Все это в совокупности заставляет видеть в Пожарском человека чести и долга, не способным на пресмыкание, хорошо знавшего себе цену и сохраняющего собственное достоинство наперекор всем жизненным обстоятельствам. Таких других в ближайшем окружении Михаила Фёдоровича Романова не было[49], что не могло не вызывать естественного страха царя перед князем-воеводой, - и, в результате, круг причин и следствий натянутых отношений между Государем всея Руси и ее Освободителем, о существовании которого усердно писали придворные хронисты и летописцы, замкнулся.

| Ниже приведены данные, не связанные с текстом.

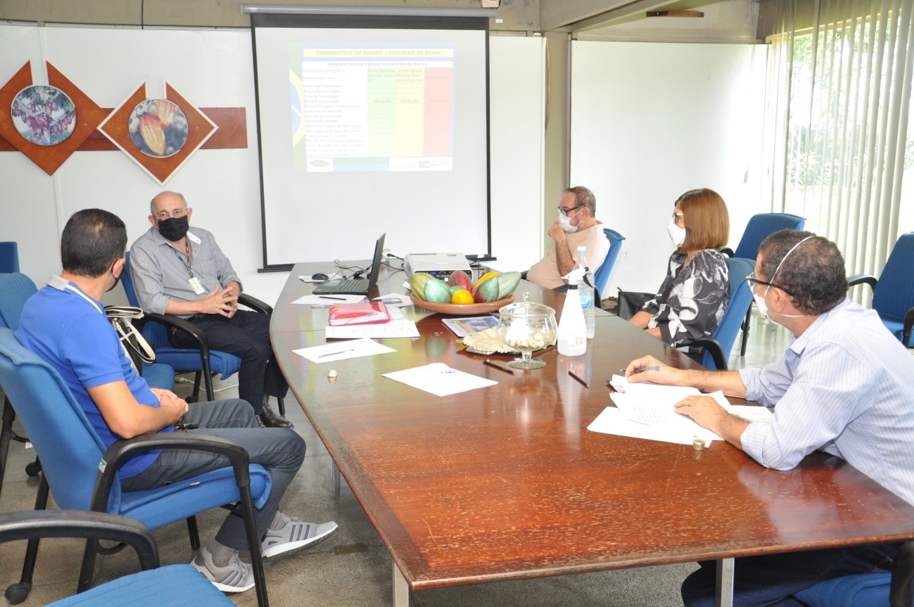 Participaram da reunião os secretários de Agricultura, Fredson Santos; Educação, Miriam Andrade; Administração, Cristiane Arraes e Adson Ramos, assessor especial, além de técnicos da área de difusão de tecnologia da Ceplac.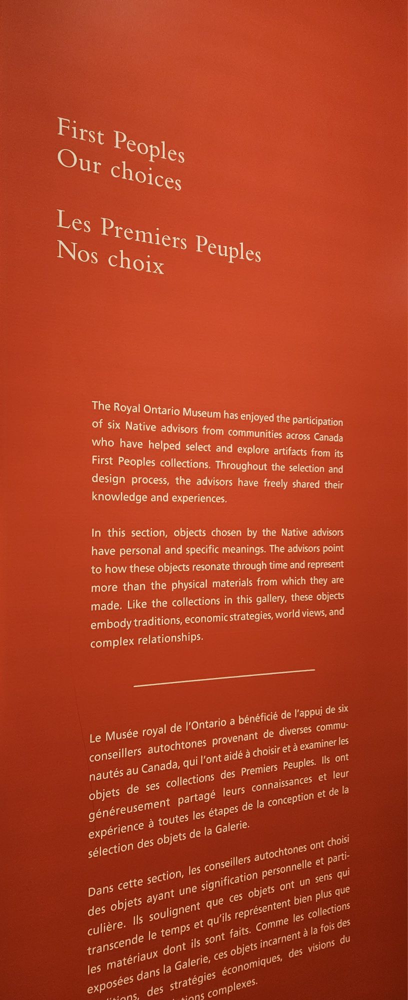 I thought I would share some of the things and signage that I noticed on our recent visits to Canada. The Royal Ontario Museum in Toronto has a large First Nations exhibit. I think it took nearly an hour to get through it and I could have probably stayed longer.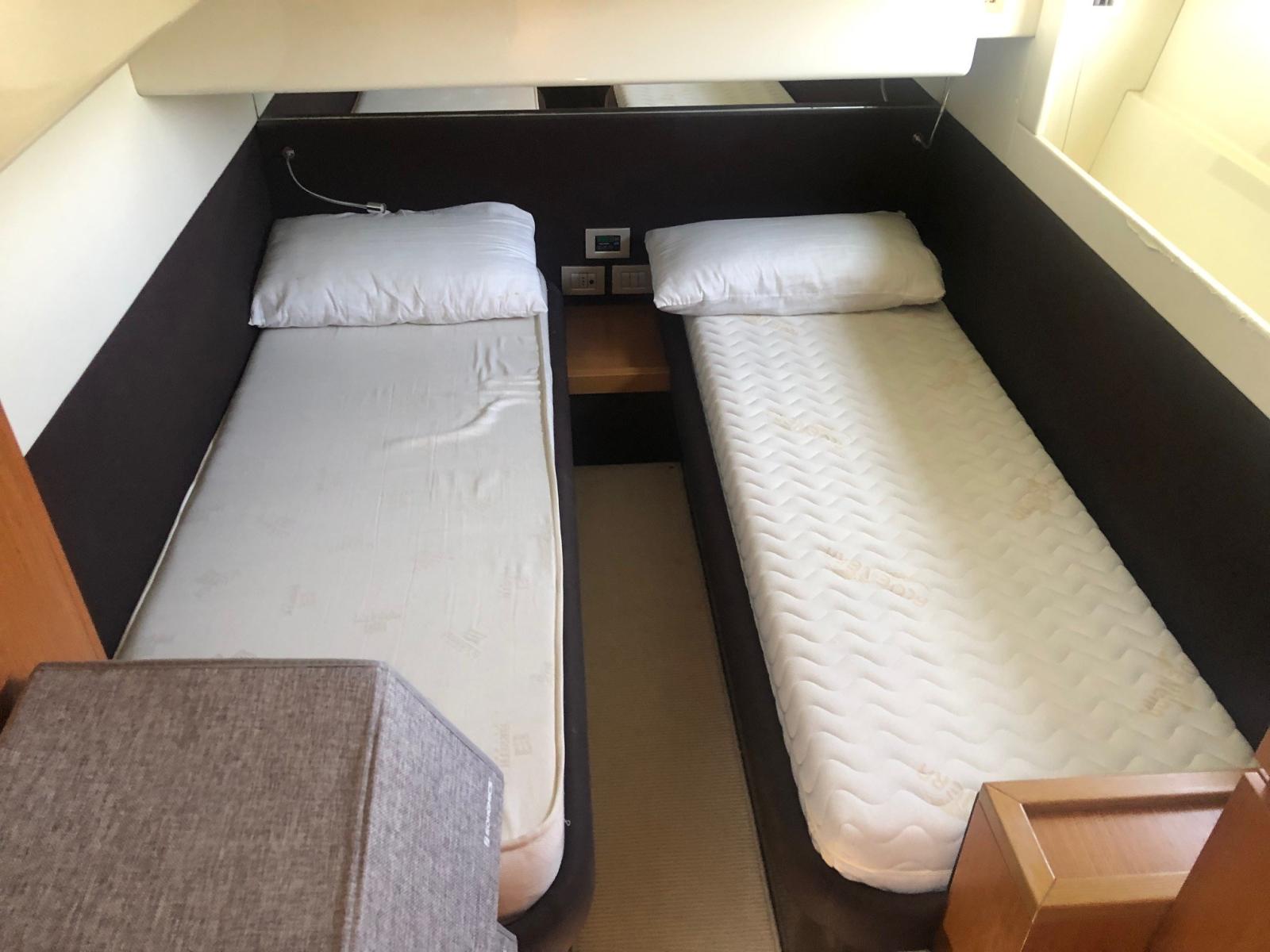 Master cabin with double bed and bathroom - guest cabin with two beds on the floor - guest cabin with two beds on the floor - guest bathroom.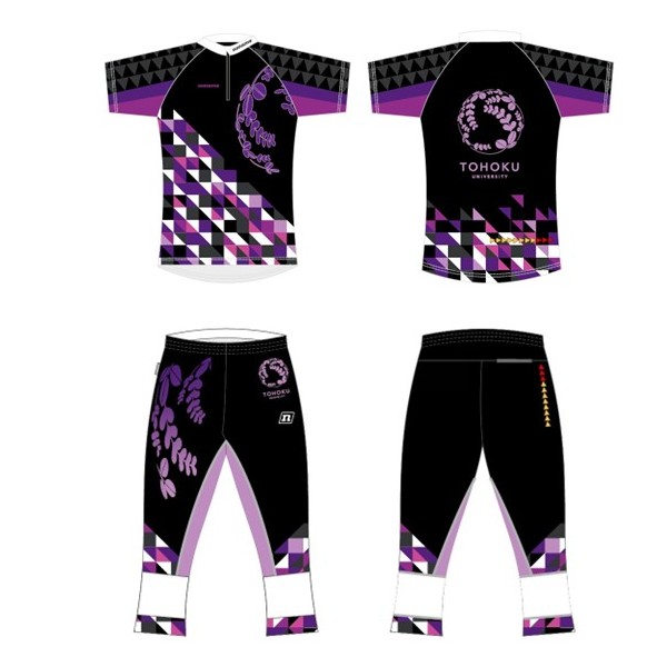 毎年学年ごとにデザインを作成されている東北大学。2025年度も大学の公式カラーである黒と紫を基調にしたデザインを学生の皆さんで考え、それに合わせてデザイナーが調整を行いました。全体的にはダークな色合いながら三角形と四角形を組み合わせた幾何学模様や膝周りのホワイトのおかげで明るさも持つデザインに仕上がっています。
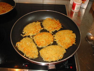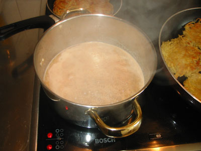 Und rein in die Pfanne. Bei nicht allzu großer Hitze mind. 15 Minuten brutzeln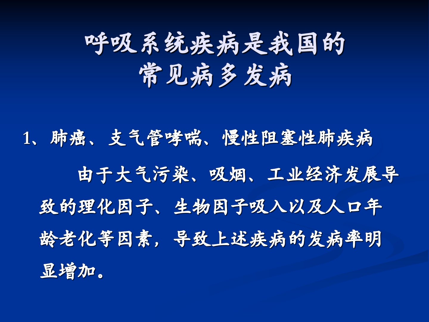 呼吸系统疾病总论摘要呼吸系统结构功能与疾病紧密相关多种因素影响其健康。主要相关因素如下:1大气污染和吸烟:大气污染危害大降尘、二氧化硫增多使慢支急性发作增加;二氧化硅等尘土引发尘肺;工业废气致癌物致肺癌高发。2病原体感染:细菌感染中G杆菌产内酰胺酶细菌、G球菌耐甲氧西林细菌增多;免疫低下者易患真菌、卡氏肺囊虫及非典型分枝杆菌感染;还有军团菌、支原体、衣原体等。不同病原体感染痰液性状不同如大量黄脓痰见于肺脓肿或支气管扩张等。3检查手段:痰液检查可做涂片、培养等;胸腔积液检查和胸膜活检有胸水常规等;影像学检查有透视、胸片等;还可直接窥视支气管粘膜做刷检、活检及肺泡灌洗助明确诊断。治疗方式多样有取异物、激光等。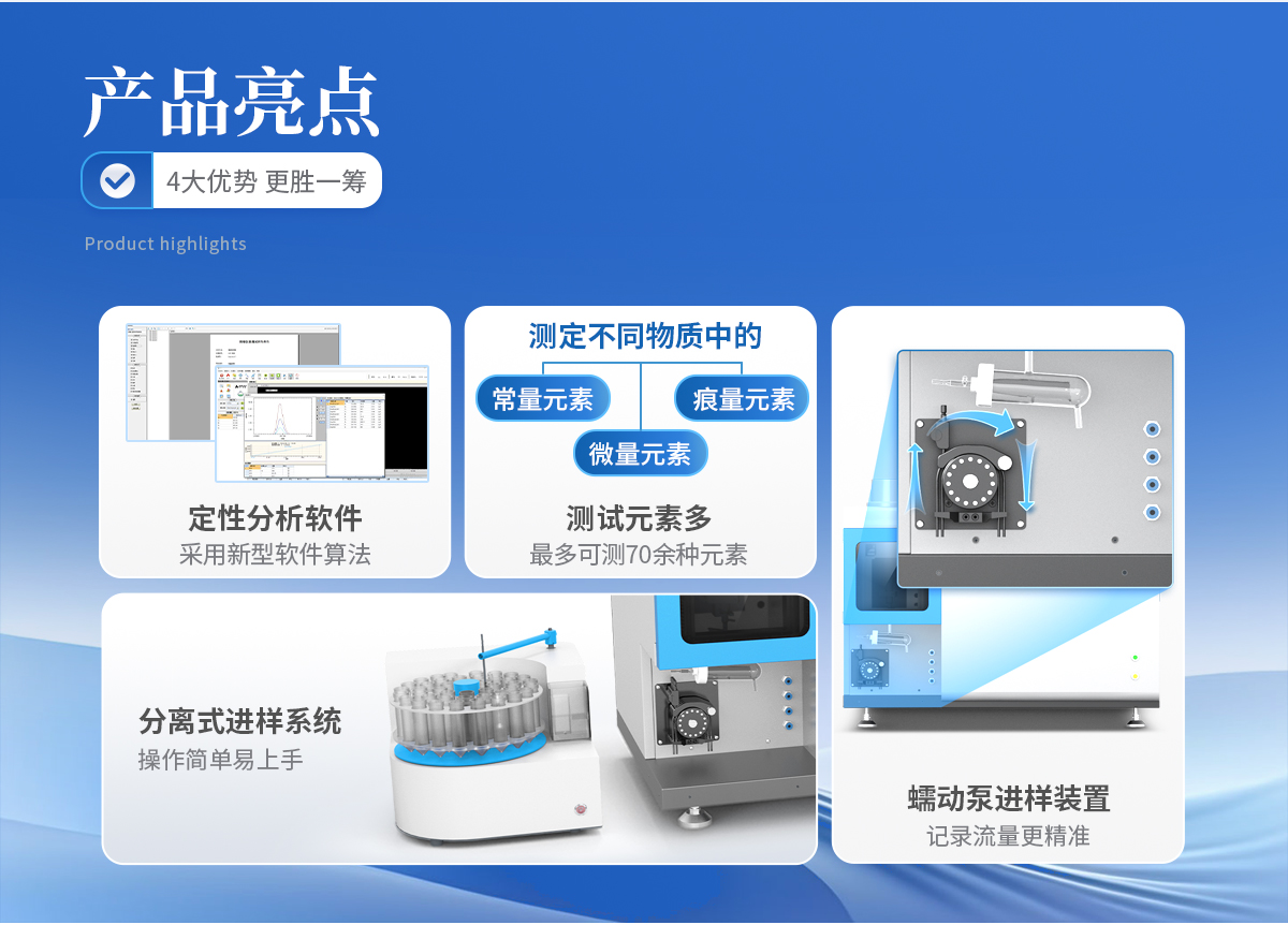 1、進(jìn)樣系統(tǒng) 1.1 加長型霧室,保證高靈敏度的情況下有效降低背景噪聲,低記憶效應(yīng)。 1.2 **同心圓霧化器,霧化效率高、重復(fù)性好,記憶效應(yīng)弱,可直接自吸進(jìn)樣。 1.3 快速拆卸式炬管,搭配自主研發(fā)的炬管工裝,可一秒實(shí)現(xiàn)炬管的準(zhǔn)確定位,減少因更換 炬管帶來的位置誤差影響測試性能。 1.4 蠕動(dòng)泵為 5 通道 16 滾軸全自動(dòng)設(shè)計(jì),蠕動(dòng)泵轉(zhuǎn)速連續(xù)可調(diào)。確保穩(wěn)定進(jìn)樣的同時(shí),可 支持進(jìn)樣、排廢、在線內(nèi)標(biāo)和其他試劑進(jìn)樣管(氫化物發(fā)生器)同時(shí)運(yùn)行。 1.5 分腔體式進(jìn)樣系統(tǒng),炬管和霧室在不同的空間內(nèi),減少炬管高溫對(duì)霧化的影響,也可以 直接觀察樣品的進(jìn)行,便于實(shí)時(shí)排除異常情況。 1.6 多種類型的霧化器、霧室及炬管可選,可實(shí)現(xiàn)有機(jī)、高鹽、高靈敏、耐 HF 酸等不同進(jìn) 樣需求,方便更換與維護(hù)。 1.7 集成氣路全自動(dòng)控制,采用精密質(zhì)量流量控制器控制多路氣體流量,精度 0.01L/min。 1.8 缺氣氣保護(hù)功能,儀器在氣源耗盡的情況下自動(dòng)熄火,并通過嗡鳴器實(shí)時(shí)發(fā)出報(bào)警聲音。 1.9 火焰視頻監(jiān)測,儀器配置了靈敏度高的火焰?zhèn)鞲邢到y(tǒng),以及可視化視頻監(jiān)測攝像頭, 可以實(shí)時(shí)觀測燃燒室火焰狀態(tài),并在熄火時(shí)自動(dòng)關(guān)閉射頻電源,保護(hù)儀器重要部件。 1.10 可視化的儀器運(yùn)行狀態(tài)監(jiān)控模塊,可對(duì)儀器各組成部件的運(yùn)行情況進(jìn)行監(jiān)測,判斷故 障原因,便于各部件的正常運(yùn)行。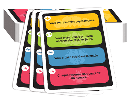 Tous les joueurs, sauf vous, souffrent d’un mystérieux trouble de la personnalité… Se croient-ils prisonniers d’une bouteille de vin ou en train d’auditionner pour une pièce de théâtre ? À vous de les interroger adroitement, faire les bonnes déductions et poser le bon diagnostique.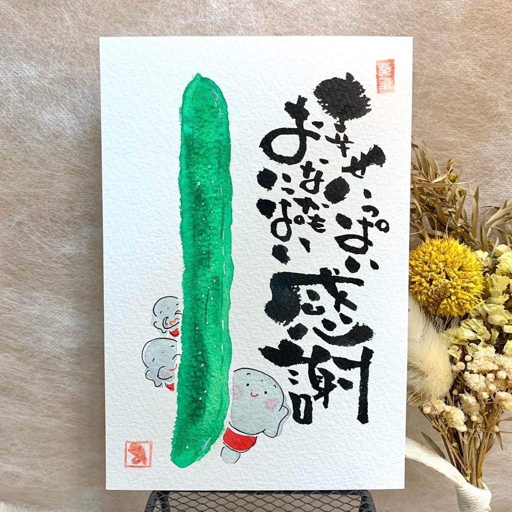 きゅうりの横にメッセージも添えてこの絵葉書を送りました。

Государям нужны рабы, а не герои и не мудрецы – так было во все времена у всех народов, остаётся так повсеместно и по сей день. Царь Михаил Романов намеренно или подсознательно, но стремился к тому, чтобы тех лиц, которым он был обязан и троном, и жизнью, в конце концов, осталось в живых как можно меньше – и именно поэтому, надо полагать, Козьма Захарович Минин-Сухорук умер внезапно и безвременно, а князь Дмитрий Михайлович Пожарский периодически заболевал также внезапно, находясь все время в походах, то есть будучи неспособным в это время следить за качеством подаваемой ему пищи, долго болел, выздоравливал – и вновь оказывался в очередном походе, чтобы вскоре вновь заболеть.

Закономерность странная – согласитесь? Учитывая, что едва князь вышел в отставку и выехал в родовое поместье, странные болезни эти прекратились, а вместе с ними и исчез интерес Михаила и Филарета Романовых к нему настолько явно, что умер Д. М. Пожарский в1642 году смертью естественной и практически незаметно.

И похоронен оказался князь-Освободитель не в Москве, как следовало бы по заслугам Пожарского перед всей Русью, и не в родовом поместье, как принято было в те времена, но в семейной усыпальнице Спасо-Евфимьевского монастыря князей Пожарских и Хованских в заштатном уже и тогда городишке Суздале.

В 1765 - 1766 гг. по приказу архимандрита Ефрема усыпальницу «за ветхостью» сломали, а надгробные плиты сняли и употребили на церковные строения[50].

О месте захоронения Д. Пожарского вспомнили в первый раз вскоре после Отечественной войны 1812 года, когда подвиг его перед Россией зазвучал вновь актуально, мыслящая часть народа русского стала интересоваться своим прошлым, а у имевшей финансовые средства новой аристократии Руси появилась мода на коллекционирование старинных документов, монет, домашней и религиозной утвари и на возведение памятников великим предкам

(ПРИМЕЧАНИЕ: Последние – обязательно за счет сбора пожертвований со всего народа при собственном патронаже царской семьей этого мероприятия - и воровстве, какой случился при разработке проектов и при постройке Храма Христа Спасителя в Москве, к примеру).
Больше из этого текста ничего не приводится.